Romanian playwright and poet

Aurel Baranga (born Aurel Leibovici; June 20, 1913 - June 10, 1979) was a Romanian playwright and poet.

Born into a Jewish family in Bucharest, his parents were company clerk Jean Leibovici and his wife Paulina. He graduated from Matei Basarab High School in 1931 and from the University of Bucharest's medical faculty in 1938. His first published work appeared in 1929 in Bilete de Papagal. Together with Gherasim Luca, he edited Alge magazine in 1930-1931, and also contributed to Unu. His Poeme cu orbi, a volume of avant-garde poetry, appeared in 1933. Between 1934 and 1940, he submitted reportages, satirical pieces and drama reviews to Facla, Cuvântul liber, Reporter, Azi and Lumea românească. During World War II, he joined the Romanian Communist Party. After the coup of 1944 against Romania's pro-Axis dictator, he became an editor of România Liberă, and also worked at Radiodifuziunea Română (1945), Urzica (editor, 1949–1979), the National Theatre Bucharest (1949–1953; 1958–1961) and Viața Românească. He published a volume of reportages, Ninge peste Ucraina (1945); dealing with the Holocaust in Transnistria Governorate, it was among the few accounts on the topic published in immediate postwar Romania. Avant-garde elements persisted in his 1946 book of poetry, Marea furtună. Baranga wrote the lyrics to "Zdrobite cătușe", Romania's national anthem between 1948 and 1953.

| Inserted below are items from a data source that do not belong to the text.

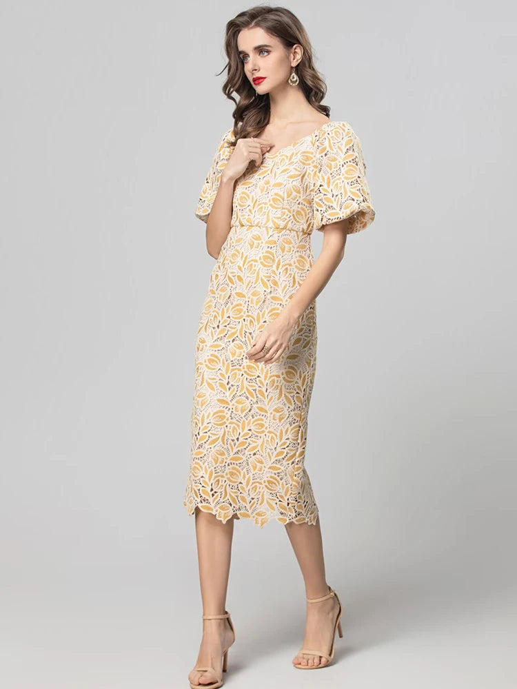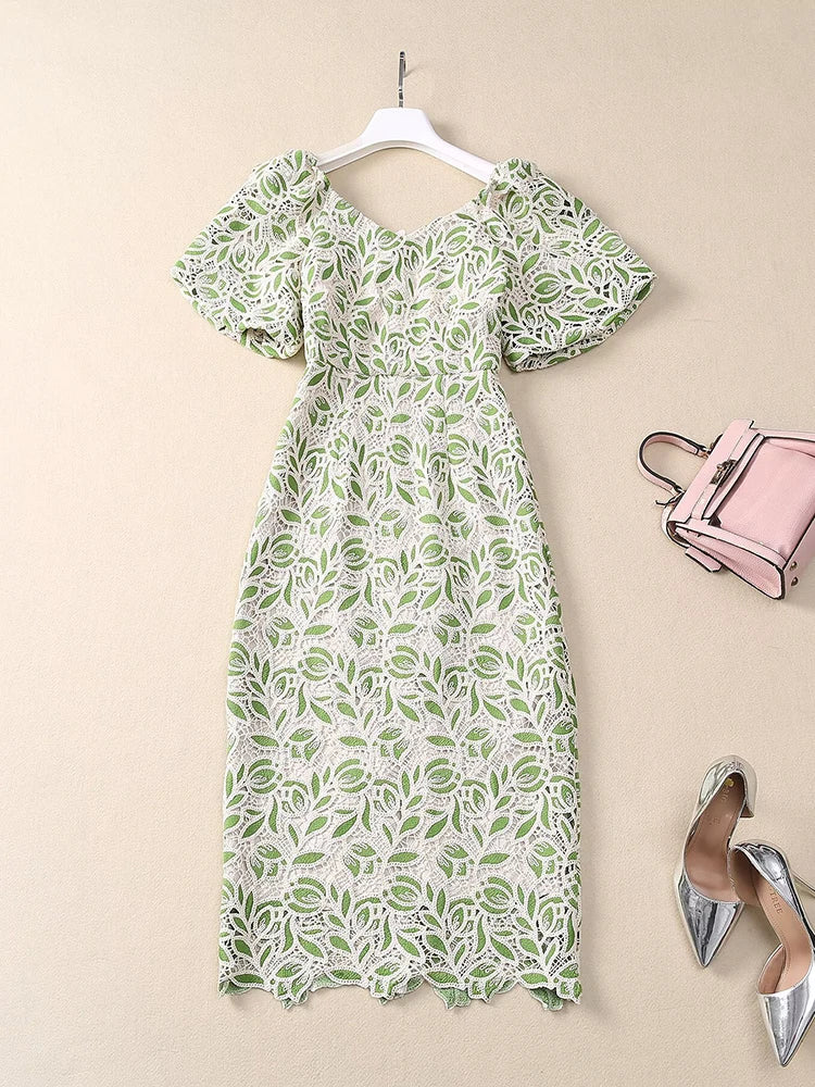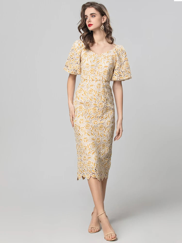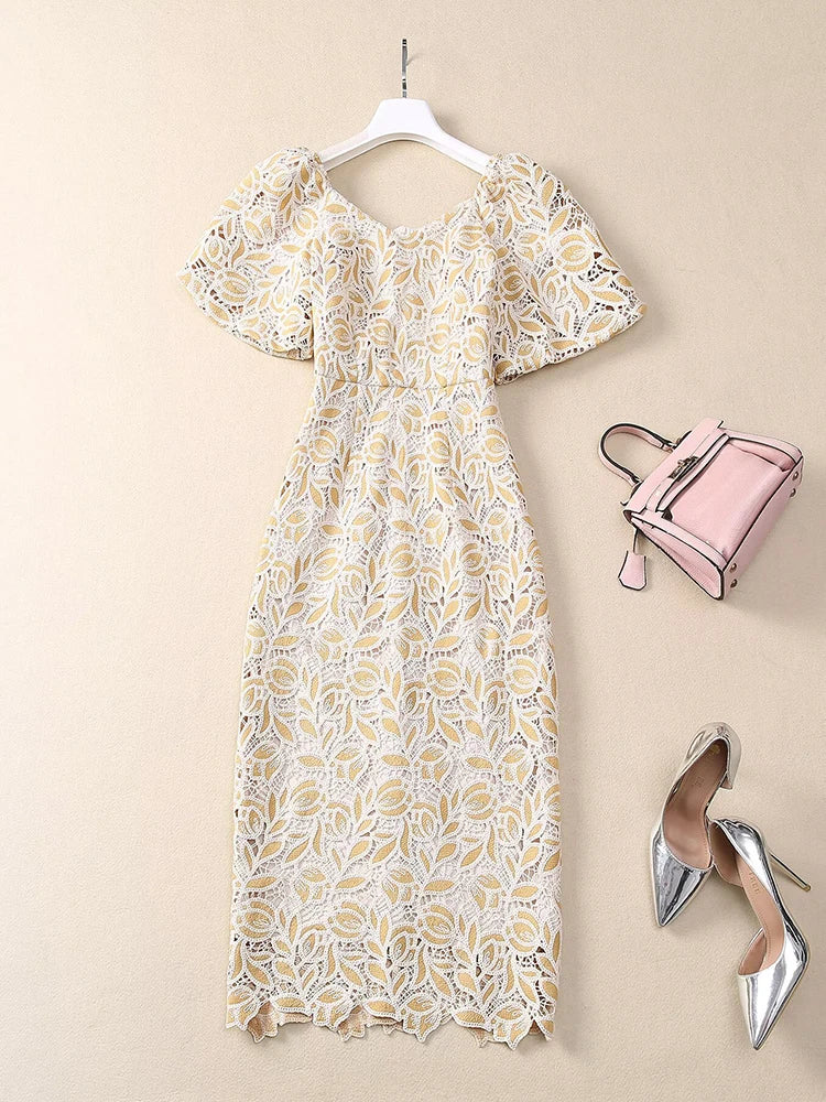 Vivian Vintage Hollow out Embroidery Pencil Dress
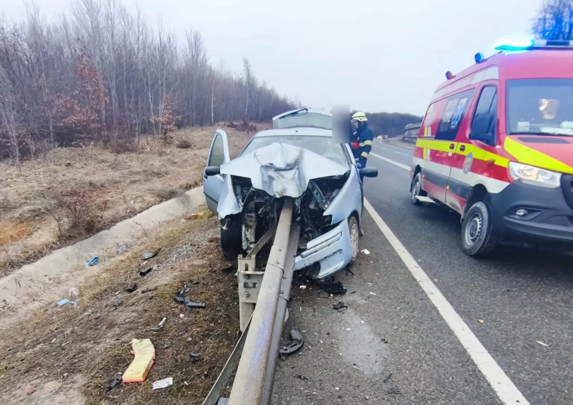 Mai exact, o tânără de 20 de ani, din județul Alba, a pierdut controlul asupra direcției de mers într-o curbă la stânga, intrând în coliziune cu parapetul metalic.
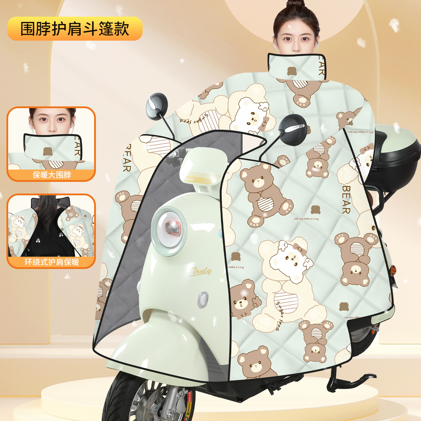 • 벨벳과 두꺼운 망토 + 스카프 + 어깨 패드 + 더블 포켓, 연두색 만화 곰
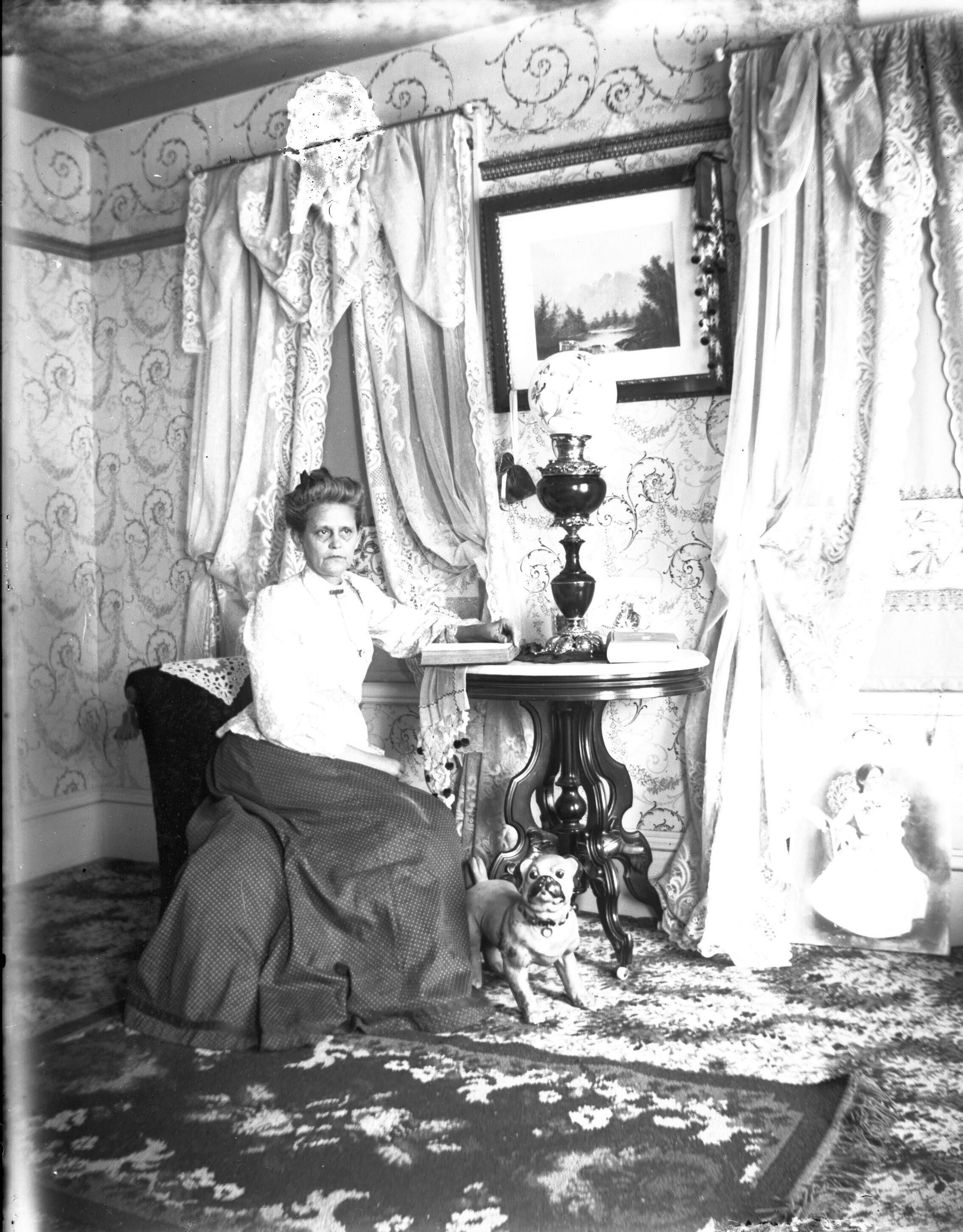 Glass plate negative photo of Sarah Lane Hobbs (1848-1935) taken at 31 Hill Street, Saco, ME, circa 1904.

Baranga's first play, written in the socialist realist style promoted by the governing Romanian Communist Party, was the 1946 Bal în Făgădău. His first real success came with the comedy Mielul turbat (1954), which featured characters special to his drama, and who reappeared in Adam și Eva (1963), Sfântul Mitică Blajinu (1966), Opinia publică (1967), and Interesul general (1971). Generally speaking, his plays revolve around work and family. His worker-protagonists are functionaries who find themselves in a bureaucratic hierarchy, the stage decor consisting of files, waste-paper baskets and charts on walls, their main activity being the generation of more files. Characters are defined by how they serve the institution: those who show initiative, energy, honesty and devotion to the "general interest" are good; those who place their own interests first and lie, slander, delay and forge in order to attain it are bad. His 1975 Viața unei femei is a psychological drama in which the heroine stages her own past, playing herself. The 1978 Jurnal de atelier features a selection of diary entries covering thirty years and reworked from a 1970s perspective; they include information about the conception and composition of his plays, fragments of poetry, autobiographical notes, sketches of artists and acidic portraits of nomenklatura members, written with the cynicism of a man who was himself the beneficiary of many privileges from the communist regime.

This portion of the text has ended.